Available data
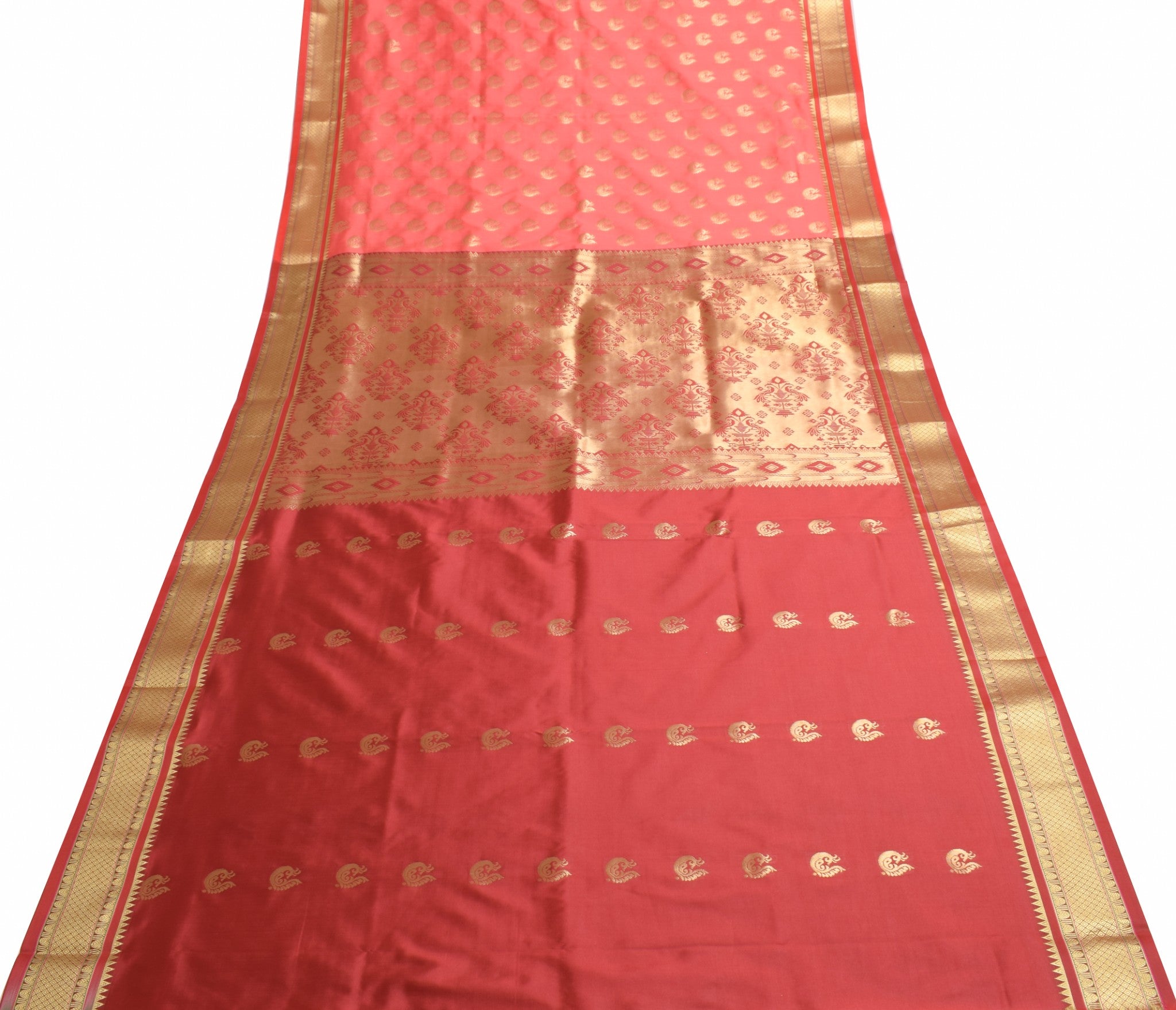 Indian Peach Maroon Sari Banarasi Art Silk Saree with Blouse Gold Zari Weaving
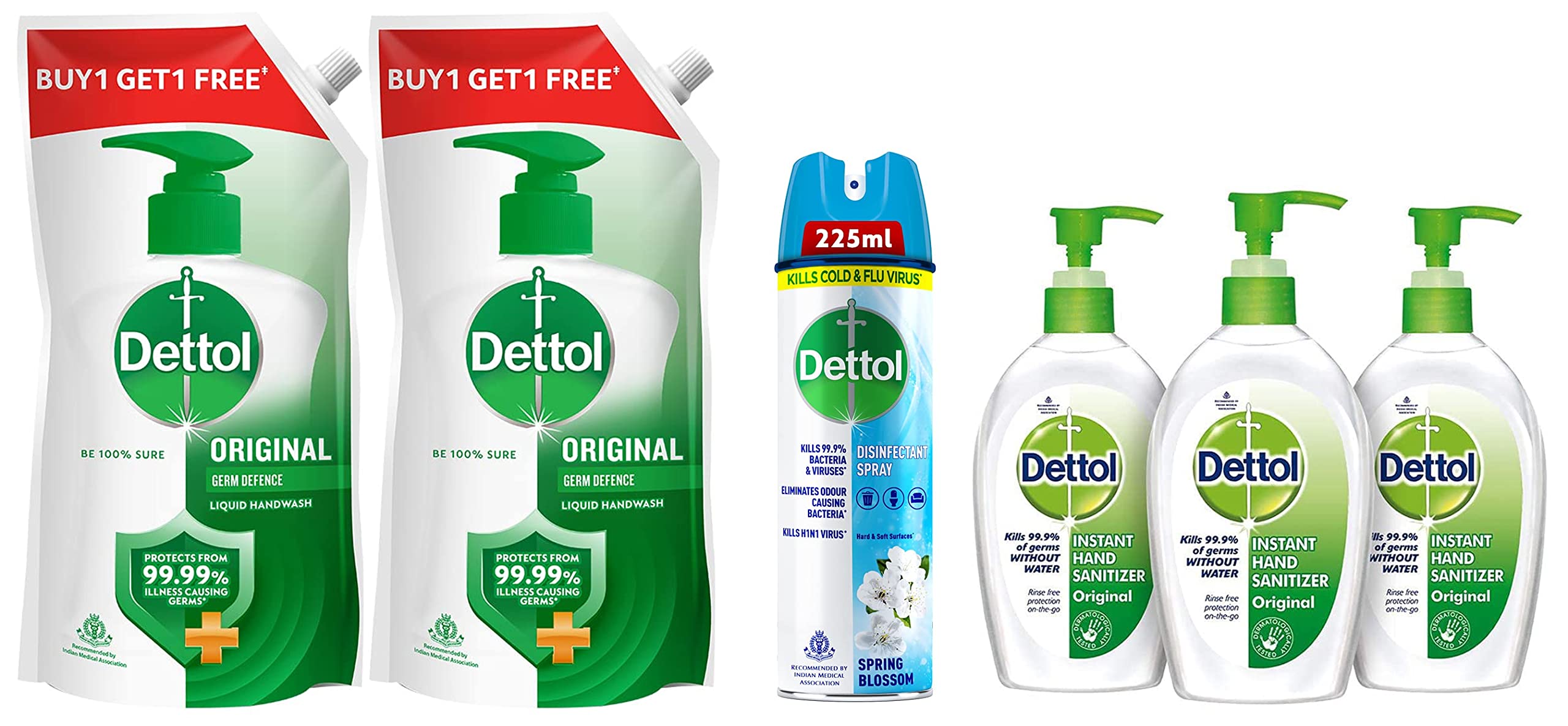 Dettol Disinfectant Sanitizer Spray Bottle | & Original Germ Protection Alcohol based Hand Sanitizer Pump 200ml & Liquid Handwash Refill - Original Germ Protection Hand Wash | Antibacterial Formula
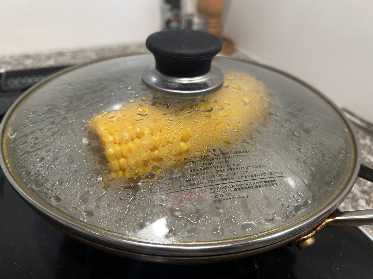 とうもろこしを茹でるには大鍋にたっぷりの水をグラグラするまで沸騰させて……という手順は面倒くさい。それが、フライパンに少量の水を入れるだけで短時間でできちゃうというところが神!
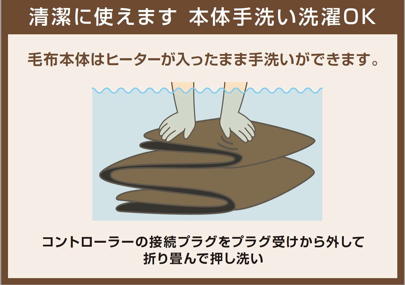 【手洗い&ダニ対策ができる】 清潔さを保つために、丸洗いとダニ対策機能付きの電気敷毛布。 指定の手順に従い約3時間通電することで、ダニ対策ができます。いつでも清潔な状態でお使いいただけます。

Activity
Using the listing above, set down exactly each line from the one containing "とうもろこしを茹でるには大鍋" through the final line, and leave out pictures.

Your response
 とうもろこしを茹でるには大鍋にたっぷりの水をグラグラするまで沸騰させて……という手順は面倒くさい。それが、フライパンに少量の水を入れるだけで短時間でできちゃうというところが神!
 【手洗い&ダニ対策ができる】 清潔さを保つために、丸洗いとダニ対策機能付きの電気敷毛布。 指定の手順に従い約3時間通電することで、ダニ対策ができます。いつでも清潔な状態でお使いいただけます。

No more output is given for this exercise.